Federal Reserve Holds Steady on Interest Rates Amidst Economic Uncertainty
The US Federal Reserve has maintained its interest rates at 4.25-4.50%, focusing on employment and inflation goals. Chairman Jerome Powell emphasized a cautious approach as economic conditions evolve. The Fed also highlights ongoing concerns over trade policies and inflation projections, with potential future rate adjustments under careful consideration.
- Country:
- United States
In a decisive move, the US Federal Reserve opted to keep its benchmark interest rates unchanged at 4.25-4.50% on Thursday morning, citing ongoing economic uncertainties and a commitment to its dual mandate of promoting maximum employment and stabilizing inflation. Federal Reserve Chairman Jerome Powell justified the decision, outlining the Fed's strategy to be prepared for economic shifts.
Powell remarked, "In support of our goals, today the Federal Open Market Committee decided to leave our policy interest rate unchanged.
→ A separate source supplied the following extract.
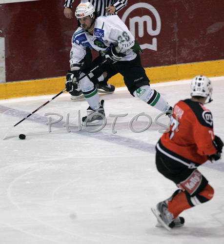 Jesenice ,Slovenia - 12.10.2008 : Frank Banham (no.38) of HDD Tilia Olimpija during match of Erste Bank Eishockey Liga 2008-09 between HK Acroni Jesenice, Jesenice, Slovenia and HDD Tilia Olimpija, Ljubjana, Slovenia. HK Acroni Jesenice won match and defeated HDD Tilia Olimpija 8:2. Match of EBEL League was played in Podmezaklja arena in Jesenice, Slovenia on 12th of October 2008. Photo by: Primoz Jeroncic

We believe that the current stance of monetary policy leaves us well positioned to respond in a timely way to potential economic developments." The Federal Open Market Committee (FOMC) assured ongoing evaluation of data and potential risks before altering rates further.
The Fed's Summary of Economic Projections (SEP) reveals a dip in GDP growth forecasts to 1.4% for this year and 1.6% for the following year. Private domestic final purchases showed robust growth, yet inflation remains above the 2% target. The SEP predicts a gradual decline in inflation, with external factors like tariffs influencing economic forecasts.